A Guide to the Cycles
Cycles II through VI start with a ‘Primordial Call’ heralded by sustained notes on a large gong, marking the entry into the new key. Tavener is referencing the Byzantine system of eight tones, each representing a different spiritual state. The first seven cycles all include a soprano solo as well as some material from the Kyrie, the Christian liturgical prayer that sees the believer call upon God to show mercy. Musical themes recur and are developed as the piece continues, culminating in some of its most popular and memorable moments, such as Cycle II: V. Holy Mary and Cycle VII: VII Mother of God. The latter, coming as it does after many hours of musical and emotional build-up, can be a moment of great catharsis for musicians and listeners alike. Its dissonances and suspended chords speak to the tension at the heart of Tavener's great project of spiritual unity.
Its dissonances and suspended chords speak to the tension at the heart of Tavener's great project of spiritual unity.

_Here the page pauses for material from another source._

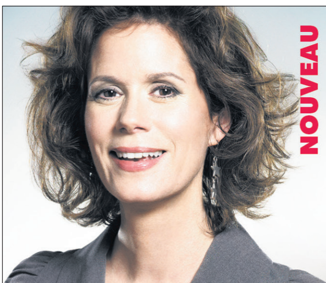
Nelly Arcan, lors de son passage à l'émission Tout le monde en parle .
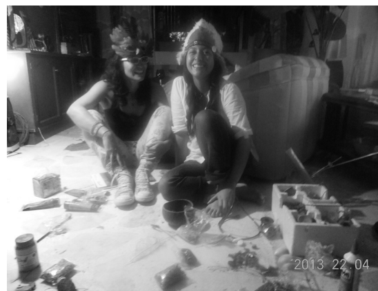
Foto 10. Monitoras en la creación del títere-placenta.

International Understanding
Tavener's Orthodox faith and his interest in the points of communication between different religions are fundamental to The Veil of the Temple. The work is sung in five languages: English, Aramaic, Church Slavonic, Greek and Sanskrit. It also incorporates harmonic elements from different musical traditions, so that at times we hear simple chorale-style harmonies reminiscent of Johann Sebastian Bach, and at others, melodies and intervals inspired by Sufi, Islamic, Jewish or Buddhist traditions. The words show evidence of similar borrowings. Cycle I opens with a setting for solo soprano of a devotional text by the thirteenth-century Sufi mystic Rumi, and there are verses from the Gospel of St John woven into each of the first seven cycles. Cycle VIII emphasises the removal of the ‘veils’ that separate religions and ideologies from understanding one another.
'A Journey Towards God'
The Veil of the Temple ends in the same way that T.S. Eliot's The Waste Land does, with the repeated Sanskrit word ‘shantih, shantih, shantih’. This is an invocation of peace, especially inner peace. Except the ending of The Veil of the Temple is not particularly peaceful; the words are chanted in an energetic, almost martial way by male voices while the higher parts twine a mysterious countermelody around it. There is no obvious resolution, either; no grand and final chord. The chants of ‘Shantih’ simply fade away, which I have always taken to be Tavener's last word on the human condition — we try for peace, and our trying continues. He once described The Veil of the Temple as ‘a journey towards God’. Its Ancient Greek subtitle, te telos, means ‘end’ but also ‘beginning’. The journey is still in progress.